[EM] Multiple Winners, Multiple Offices, and Proportional Approval Voting

Kevin Venzke stepjak at yahoo.fr
Wed Apr 30 19:18:02 PDT 2003


 --- Alex Small <asmall at physics.ucsb.edu> a écrit : 
> Imagine an election which selects 2 winners, but one of the winners will
> have more power than the other.  The candidate who performs best according
> to our election method becomes chief executive.  The runner-up goes to the
> legislature to act as the leader of the "Faithful Opposition".  You might
> envision this as a unique type of "check and balance" on the power of the
> executive.  Originally, the US Constitution did something like this:  The
> VP was whoever came in #2 in the electoral vote, rather than the
> running-mate of #1.

> 
> I'm not sure about how to modify Condorcet or other methods.  Any thoughts?

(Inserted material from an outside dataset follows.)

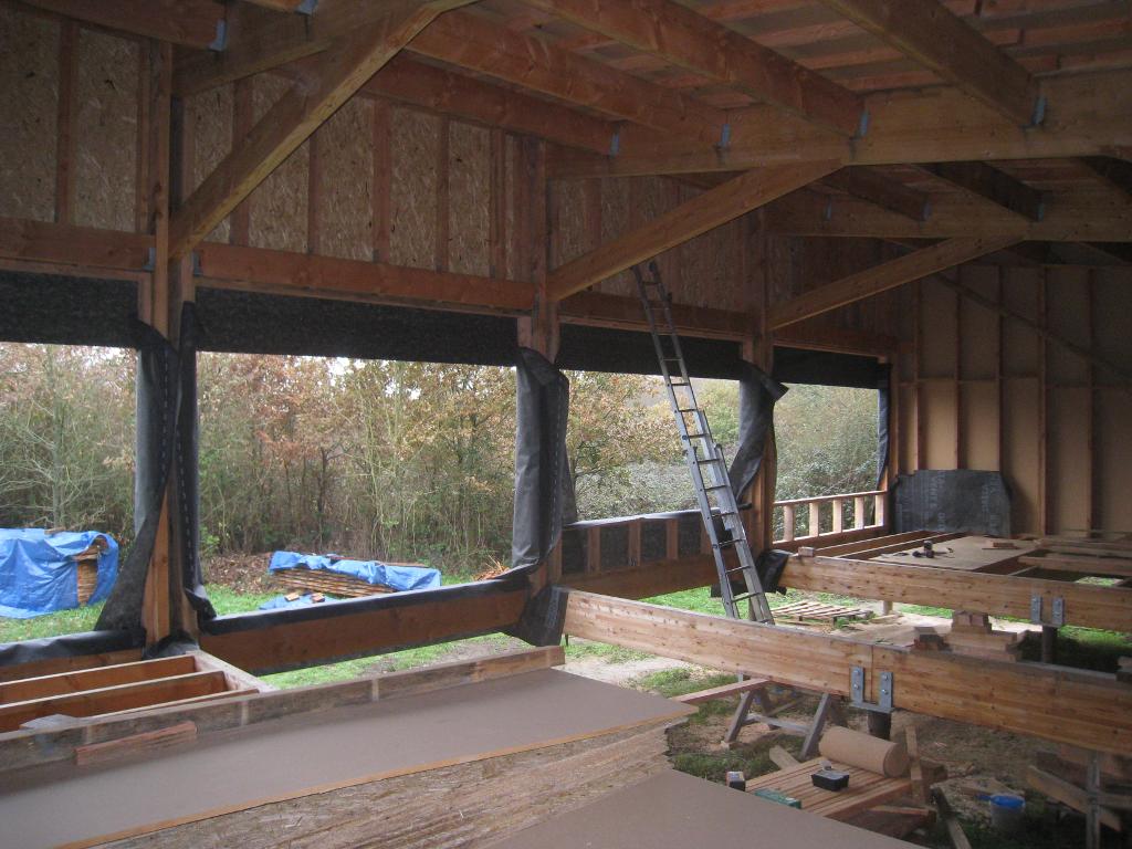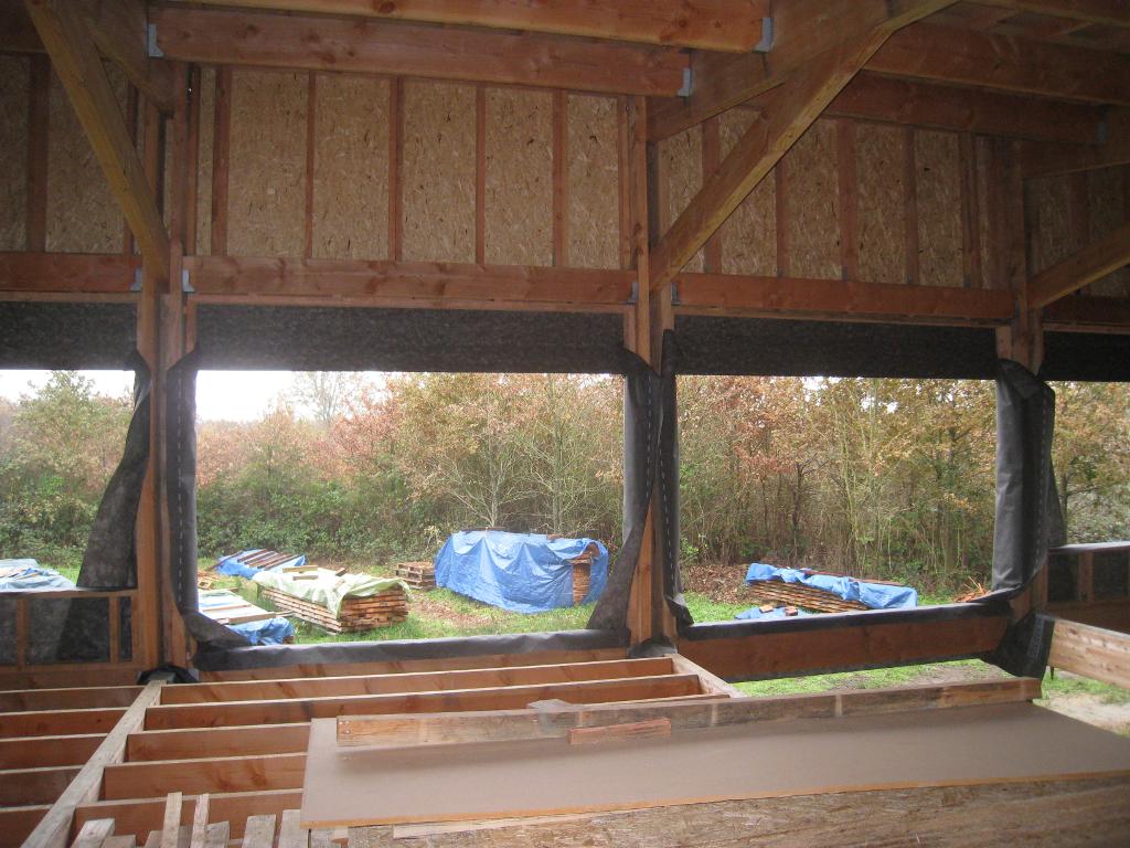 Petite vue d'ensemble des baies et fenêtre Sud, avec les ossatures des murets :
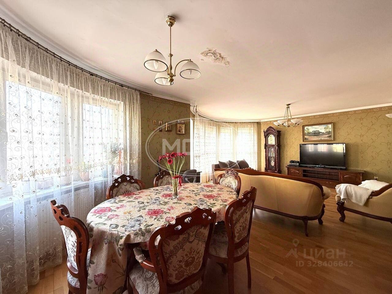 Теплые полы в коридоре, кухне, санузле, в гостиной и спальне паркет.

For exactly two winners, with one specifically being the "opposition," how
about if you elect the "first" winner per a Condorcet method, and elect as the
"opposition" winner that candidate against whom the "first" candidate fared
the poorest?  That is, that candidate who received the most votes going
head-to-head with the CW.

I think that makes intuitive sense, but I'd have concerns about the scenario
where the first winner is a centrist candidate with broad support, while the
"opposition" winner is off-center with only around 25% support, let's say.
In that case, and perhaps in most cases, I'd prefer that the "opposition" be
the candidate who would've won had the winner not run.  Perhaps the method
could require that route if the primary winner beats all by a landslide.